Bayesian inference is often tied to decision theory (Bernardo and
Smith, 2000), and decision theory has long been considered the
foundations of statistics (Savage, 1954).
Before using the LossMatrix
function, the user should have
already considered all possible actions (choices), states of the world
(outcomes unknown at the time of decision-making), chosen a loss
function \(L(\theta, \alpha)\), estimated loss, and
elicited prior probabilities \(p(\theta | x)\).
Although possible actions (choices) for the decision-maker and
possible states (outcomes) may be continuous or discrete, the loss
matrix is used for discrete actions and states. An example of a
continuous action may be that a decision-maker has already decided to
invest, and the remaining, current decision is how much to invest.
Likewise, an example of continuous states of the world (outcomes) may
be how much profit or loss may occur after a given continuous unit of
time.
The coded example provided below is taken from Berger (1985, p. 6-7)

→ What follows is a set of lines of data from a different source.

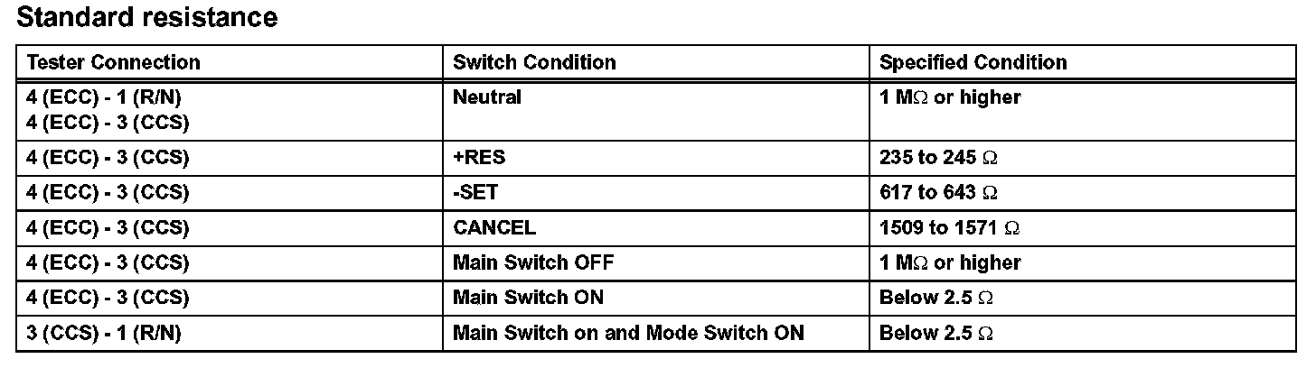 INSPECT CRUISE CONTROL MAIN SWITCH ASSEMBLY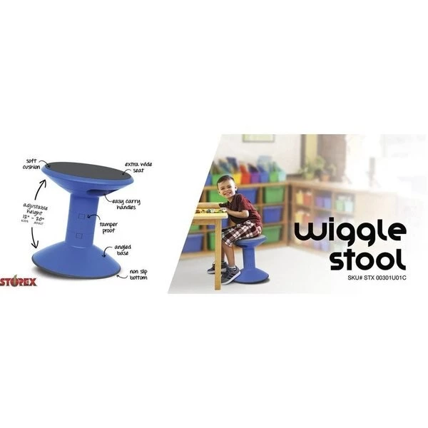 Versatile Wiggle Stool gives you the freedom to move while you sit. Soft, extra-thick cushion provides comfort and support for all-day use. Integrated handles allow easy carrying, even for smaller children. Seat height adjusts between 12" and 18". Selectable heights include 12", 14", 16" or 18". Tamperproof height adjustment prevents distractions. Base is angled for improved posture, balance and stability. Rubberized, nonslip base provides increased stability even when tipped over. No-spin base aids focus and promotes a distraction-free environment.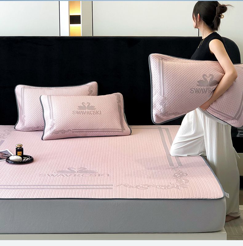 首尔家纺 2025新款大版凉感丝凉席 天鹅-粉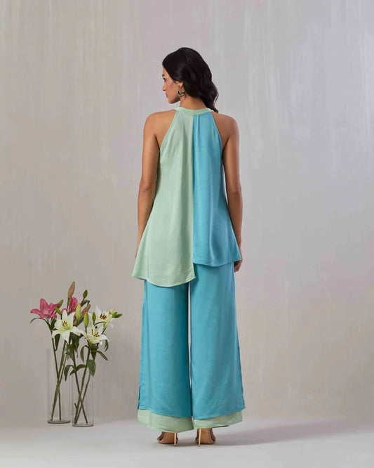 Two Toned Front Open Top & Pant set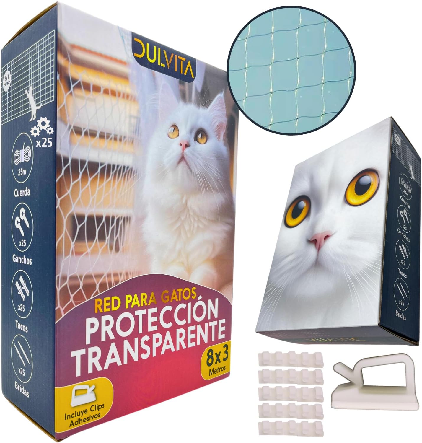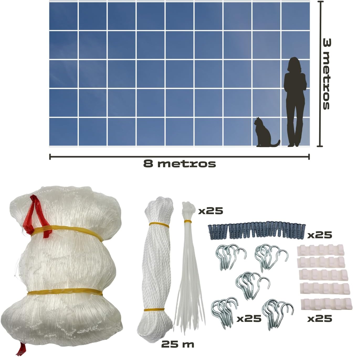 [INCLUYE] El pack DULVITA trae todo lo que necesitas: una red de nylon transparente de 8×3 m, 25 metros de cuerda fija, 25 tacos y ganchos, 25 bridas, un manual y 25 ganchos adhesivos para que no tengas que taladrar. ¡Es una opción muy práctica para mantener a tu gato seguro!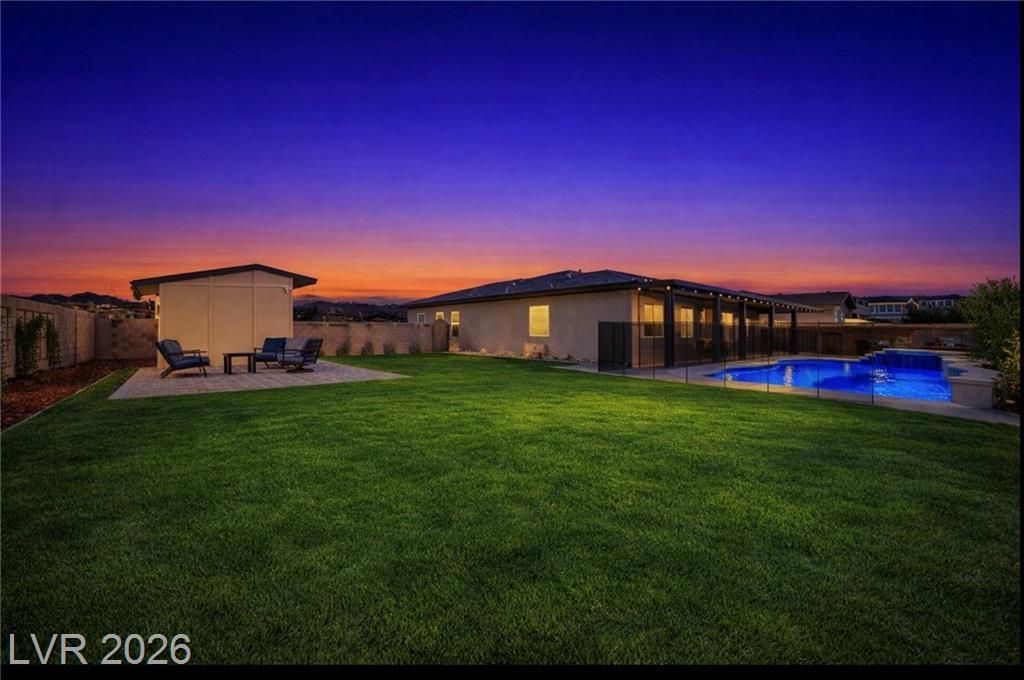 Looking for a like new custom single story 4 bed home in Henderson with land, RV parking, and no HOA? Located in Henderson, this custom single story home sits on an almost half acre lot and offers the space and freedom buyers need when they are moving with toys, RVs, and big plans. If you want a move in ready Henderson property with no HOA and room to spread out, this home delivers. The open floor plan features 4 bedrooms, great natural light, white cabinetry, two tone quartz counters, wood look tile flooring, and new carpet for easy, turn key living. Outside, the lifestyle is built for space and function with a sparkling pool and spa, large grass area, covered patio, and room to expand. An oversized 3 car garage, gated 80 by 24 RV parking, and a workshop give you the flexibility to store, tinker, and travel. At night, the backyard comes alive with the glimmer of city and Strip lights against the mountain views, creating a setting that feels open, private and hard to find in Henderson.

and described here. The set of possible actions for a decision-maker
is to invest in bond ZZZ or alternatively in bond XXX, as it is called
here. A real-world decision should include a mutually exhaustive list
of actions, such as investing in neither, but perhaps the
decision-maker has already decided to invest and narrowed the options
down to these two bonds.
The possible states of the world (outcomes unknown at the time of
decision-making) are considered to be two states: either the chosen
bond will not default or it will default. Here, the loss function is
a negative linear identity of money, and hence a loss in element
L[1,1]
of -500 is a profit of 500, while a loss in
L[2,1]
of 1,000 is a loss of 1,000.
The decision-maker's dilemma is that bond ZZZ may return a higher
profit than bond XXX, however there is an estimated 10% chance, the
prior probability, that bond ZZZ will default and return a substantial
loss. In contrast, bond XXX is considered to be a sure-thing and
return a steady but smaller profit. The Bayes action is to choose the
first action and invest in bond ZZZ, because it minimizes expected
loss, even though there is a chance of default.

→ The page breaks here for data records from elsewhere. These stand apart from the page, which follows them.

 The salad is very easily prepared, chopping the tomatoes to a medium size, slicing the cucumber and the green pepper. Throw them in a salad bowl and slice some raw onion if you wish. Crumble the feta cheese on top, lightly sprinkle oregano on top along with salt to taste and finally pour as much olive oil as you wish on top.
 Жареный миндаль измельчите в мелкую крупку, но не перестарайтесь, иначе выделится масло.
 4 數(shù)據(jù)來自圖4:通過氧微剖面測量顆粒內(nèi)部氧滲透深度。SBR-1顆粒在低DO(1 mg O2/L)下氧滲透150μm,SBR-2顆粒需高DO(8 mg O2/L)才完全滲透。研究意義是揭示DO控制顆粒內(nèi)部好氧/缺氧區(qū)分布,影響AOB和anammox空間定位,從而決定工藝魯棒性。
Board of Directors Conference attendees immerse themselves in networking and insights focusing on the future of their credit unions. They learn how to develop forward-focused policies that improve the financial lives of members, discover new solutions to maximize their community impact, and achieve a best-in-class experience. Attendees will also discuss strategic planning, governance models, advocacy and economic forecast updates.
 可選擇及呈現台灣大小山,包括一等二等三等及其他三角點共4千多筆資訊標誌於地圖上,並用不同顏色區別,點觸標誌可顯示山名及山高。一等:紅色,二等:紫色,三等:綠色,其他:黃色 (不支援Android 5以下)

A more realistic application of a loss matrix may be to replace the
point-estimates of loss with samples given uncertainty around the
estimated loss, and replace the point-estimates of the prior
probability of each state with samples given the uncertainty of the
probability of each state. The loss function used in the example is
intuitive, but a more popular monetary loss function may be
\(-\log(E(W | R))\), the negative log of the
expectation of wealth, given the return. There are many alternative
loss functions.
Although isolated decision-theoretic problems exist such as the
provided example, decision theory may also be applied to the results
of a probability model (such as from
IterativeQuadrature
, LaplaceApproximation
,
LaplacesDemon
, PMC
), or
VariationalBayes
, contingent on how
a decision-maker is considering to use the information from the
model. The statistician may pass the results of a model to a client,
who then considers choosing possible actions, given this
information. The statistician should further assist the client with
considering actions, states of the world, then loss functions, and
finally eliciting the client's prior probabilities (such as with the
elicit
function).
When the outcome is finally observed, the information from this
outcome may be used to refine the priors of the next such decision. In
this way, Bayesian learning occurs.